The service club for grades 6-8 attracted roughly 20 students who are interested in strengthening the student community through bully-prevention and by providing opportunities to assist those less fortunate.
The club, created by Cathy Eveland – an 18-year Cabarrus County School counselor and 11-year Harrisburg resident – began with a drive to collect pet food for Petey’s Promise, a local nonprofit that has helped feed more than 4,000 animals since forming in 2008.
In 2012, Chase Carey, the son of the nonprofit’s founder Liz Mellot, set a Guinness World Record for making the world’s largest homemade crayon. It was called Petey’s Passion and weighed 731 pounds – measuring 9-feet, 9 3/4-inches. Now a student at JN Fries, the club chose Petey’s Promise for one of their donations.
Eveland said hosting the pet food drive was a great way to kick off their efforts while honoring a fellow classmate. The students donated 499 pounds of dog and cat food for their first outreach effort.

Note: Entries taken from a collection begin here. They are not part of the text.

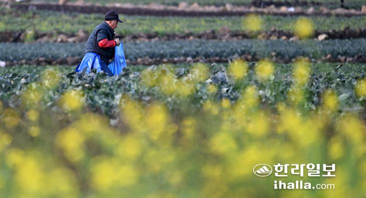 13일 제주시 한경면 고산리 한 농경지에서 농민들이 유채꽃을 배경으로 브로콜리 수확 작업을 하고 있다. 강희만기자
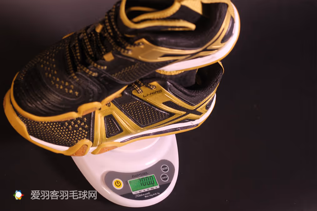 李宁球鞋向来做工用料扎实,AYAM007主打稳定快速,鞋身重量中规中矩,我手上的这双上称重量为700克,平均单只重量350克上脚后没有负担,但还没有达到让人感觉“没穿鞋”一般的轻盈。
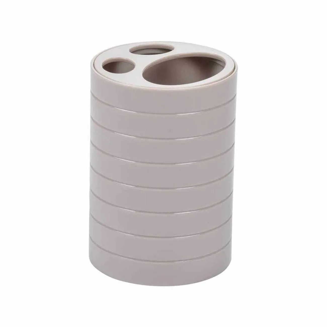 Gobelet avec support pour brosse à dents et dentifrice, en plastique de couleur taupe et au design strié.
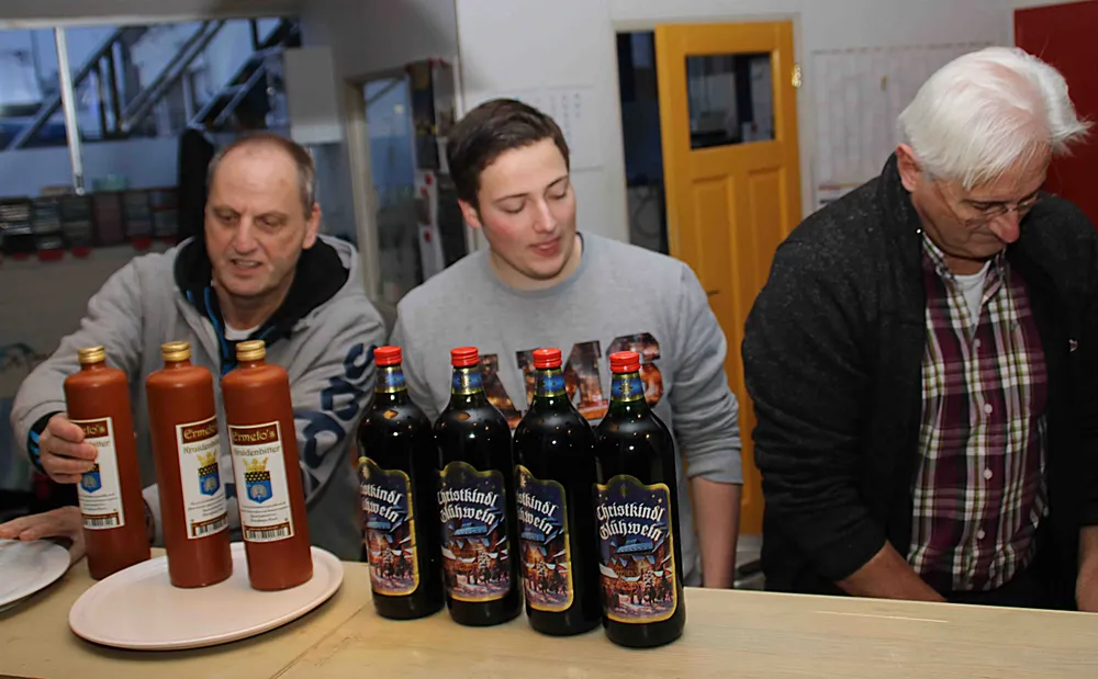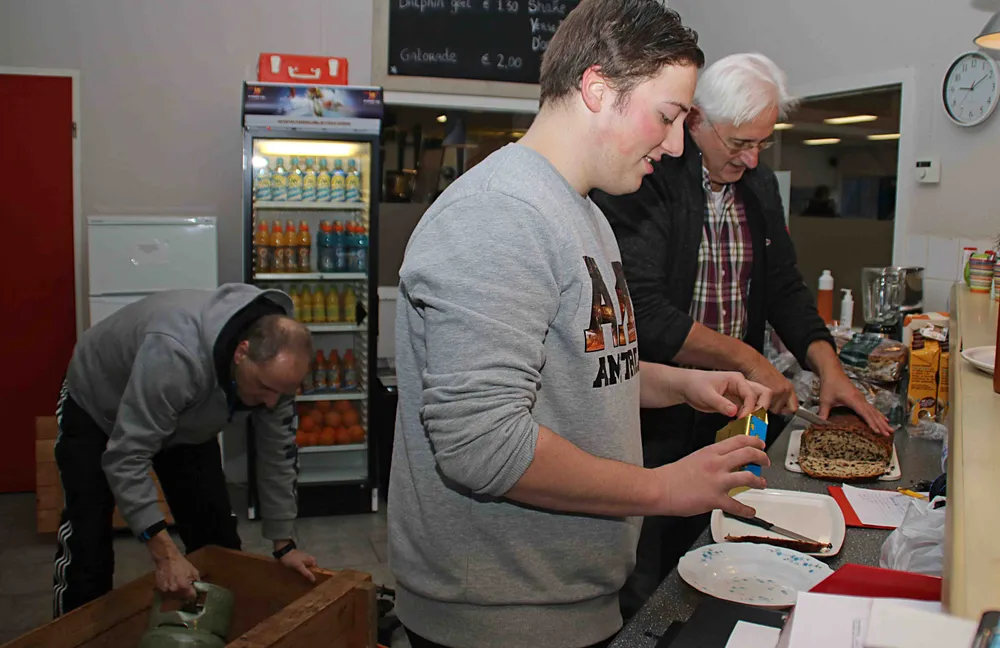 Terwijl het wandelgezelschap door de sneeuw ploegde, diep weggedoken in hun dikke jassen, sjaals en mutsen, togen Wim Bouw, Paul en Gijs Nummerdor bij de sportschool aan de slag met 'kokkerellen'. "We hebben straks wel 28 monden te voeden hè", werd de krentenwegge gesneden en besmeerd met echte boter door Paul en Gijs. Wim rommelde intussen met het gasstel en de pannen zodat de wandelaars op temperatuur konden komen met warme chocolademelk en glühwein.
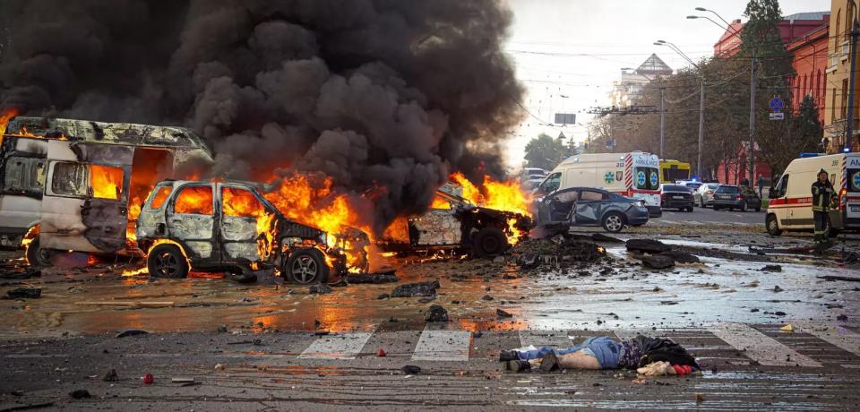 Ukrainska huvudstaden Kyiv efter rysk beskjutning 10 oktober 2022.
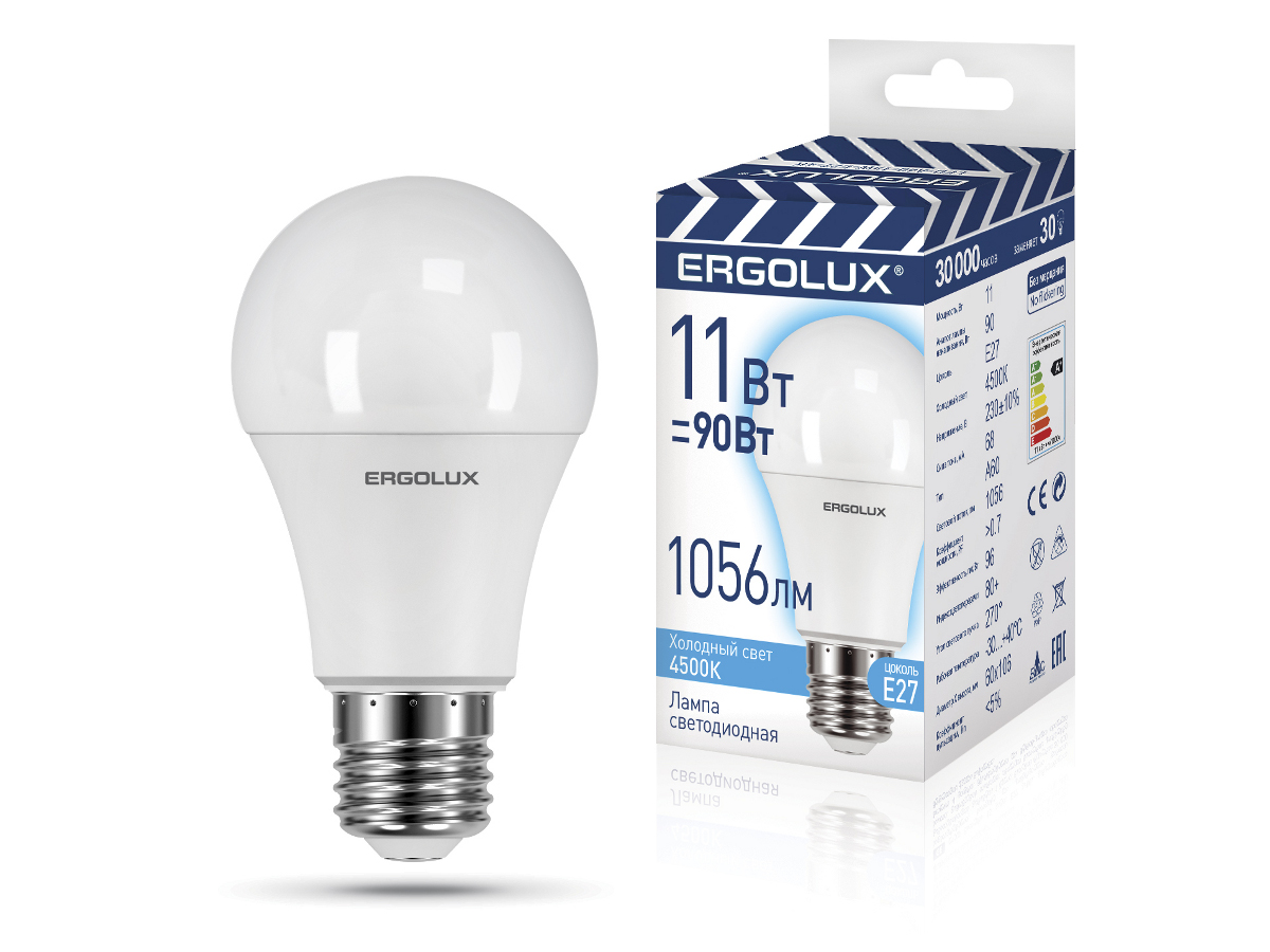 Лампа светодиодная Ergolux LED-A60-11W- E27 4000K груша

The second effort, dubbed Penny Wars, was a contest where clubs throughout the school competed to collect the most pennies.
The school’s rock band and newspaper clubs won the contest, but the real winners were recipients of Cooperative Christian Ministry’s fuel fund, said Eveland. That effort raised $549 to help provide heat to area families in need.

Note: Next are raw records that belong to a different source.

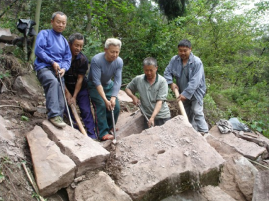 分水镇石工号子。分水镇石工号子是省级非物质文化遗产保护项目之一,该项目原汁原味,别具一格。在打石、撬石、抬石的劳动过程中,在用石头铺路、修桥、筑堤、筑坝、建造房屋时,人们都在哼唱或吆喝。这种号子的种类繁多,可达一百七十余种。石工号子腔调丰富、风格独到、韵味独特,最早传唱的人可唱九十二腔、八十二调。石工号子从轻唱至四言八句,到编成歌谣传唱,形成了一派独特的石工号子韵味。现在流行传唱的有:大锤号子、拗料号子(又分大石料、小石料)、抬石号子、转转腔、大五声、大帮腔、四平腔等七种,最为普遍的是:大锤号子、拗料号子、四平腔三种。
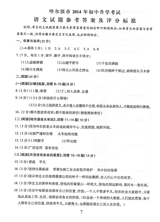 19.(3分)你是如何理解文章标题“天空没有多余的星星”的?
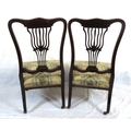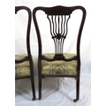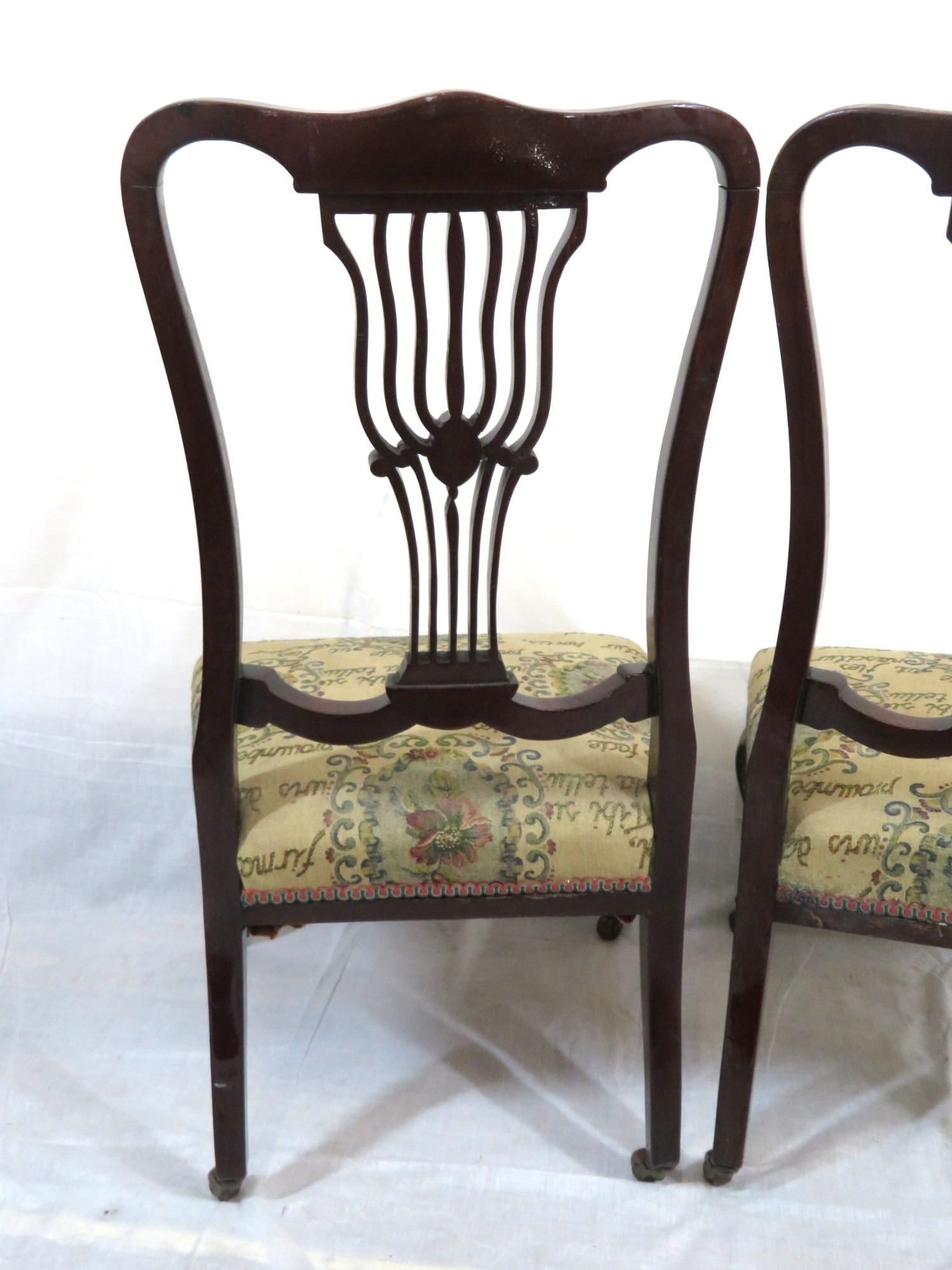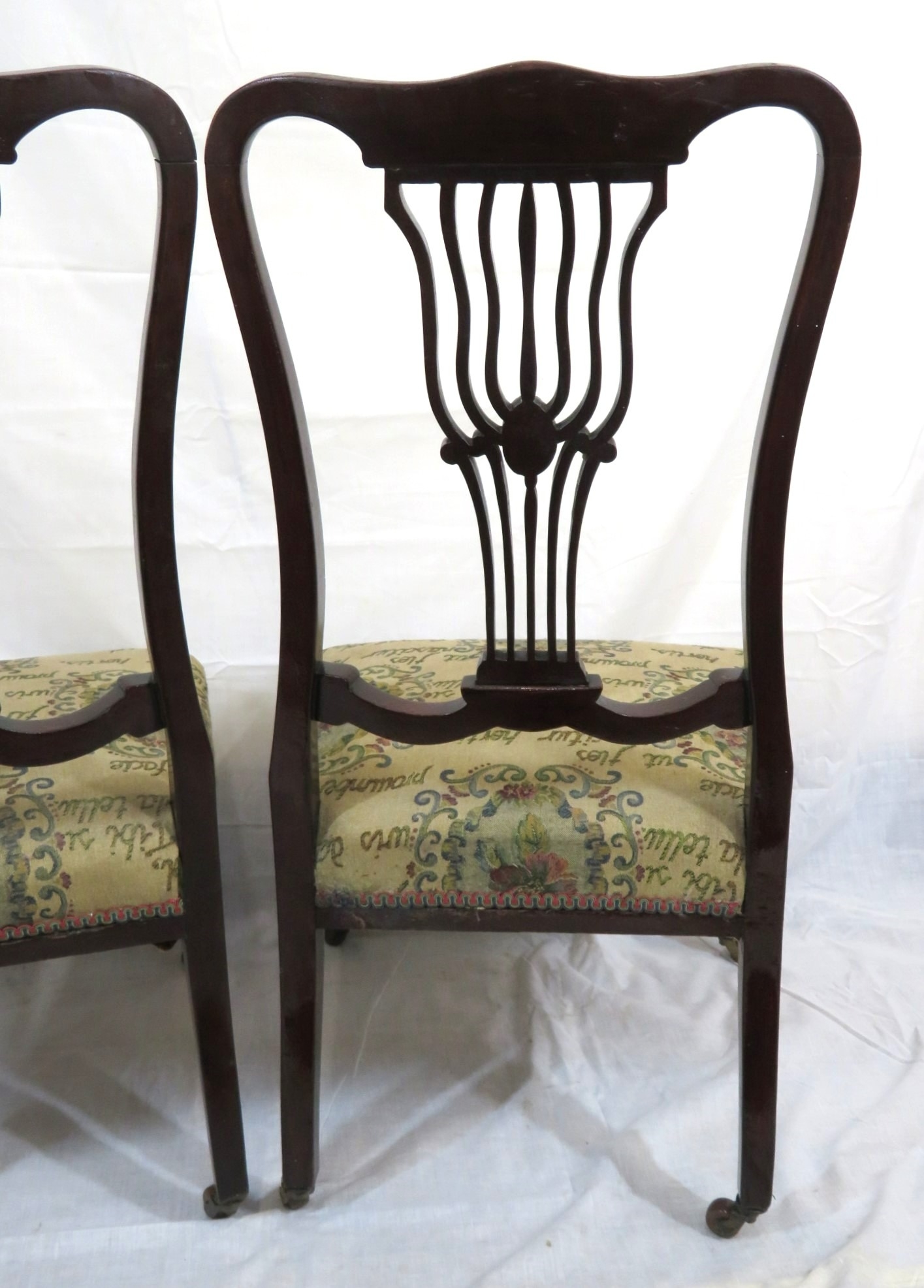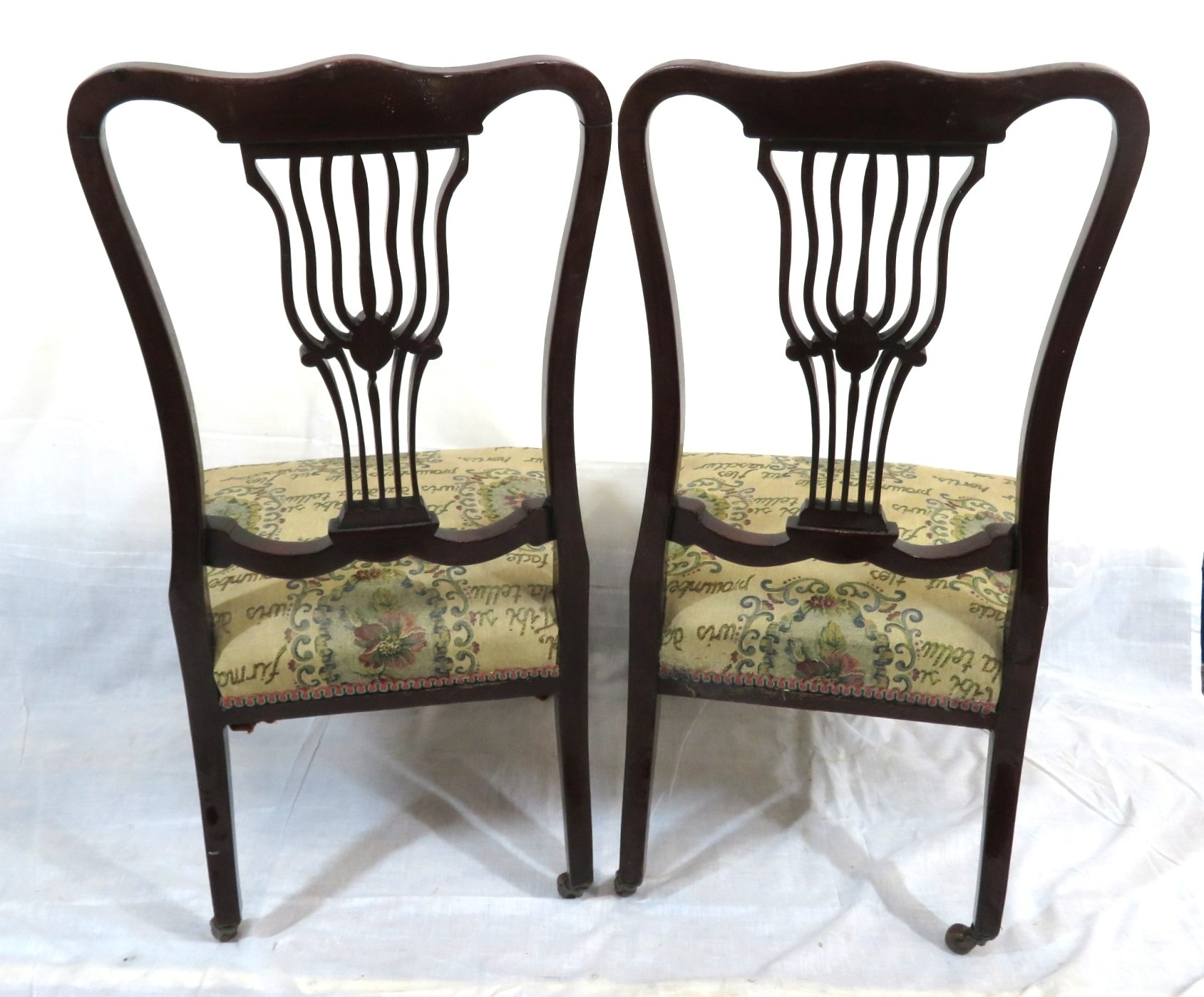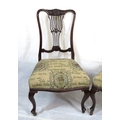 Pair of Victorian mahogany occasional or bedroom chairs with pierced rails, foliate upholstery, on cabriole legs with casters

The third effort was a used book drive. The club collected 970 gently-used books that were distributed to Coltrane Webb Elementary – but also to JN Fries’ classroom libraries and The Opportunity House, a joint ministry of the Evangelical Lutheran Church in America and United Methodist Church.
The books were given to students without reading material at home. The Opportunity House uses the books in their tutoring program.
Rosalind Diefenbach, a sixth-grader in the school’s STEM program, said she joined the club to do something more than have fun.
“I chose this club because I …wanted to be a part of the bigger picture and help others along the way,” she said.
Melissa Kissling, a seventh-grader in the school’s International Studies Program, joined to help her community and influence her school environment.
“I knew that if I joined a club like this, I would certainly be able to positively impact those around me,” she said.
“I want to help anyone that needs help,” said Anand Rabara, an eight-grader in the school’s International Studies program. “I want to help make better learning environments for other students, and I want to give and help in any possible way I can.”
Diefenbach hopes the club has many more accomplishments this year.
“I hope we accomplish many things, but not all at once,” she said. “The Student Ambassador Club can help me have a head start on making changes in the community. Whether it is a book drive or a fundraiser for the homeless, it can lead me to help others later in life.”
Kissling added, “I hope to change my environment for the better in the Student Ambassadors’ club. I know that if I put forth my best effort, I will make it easier to communicate and be friendly to others, and that can positively impact my social environment at school.”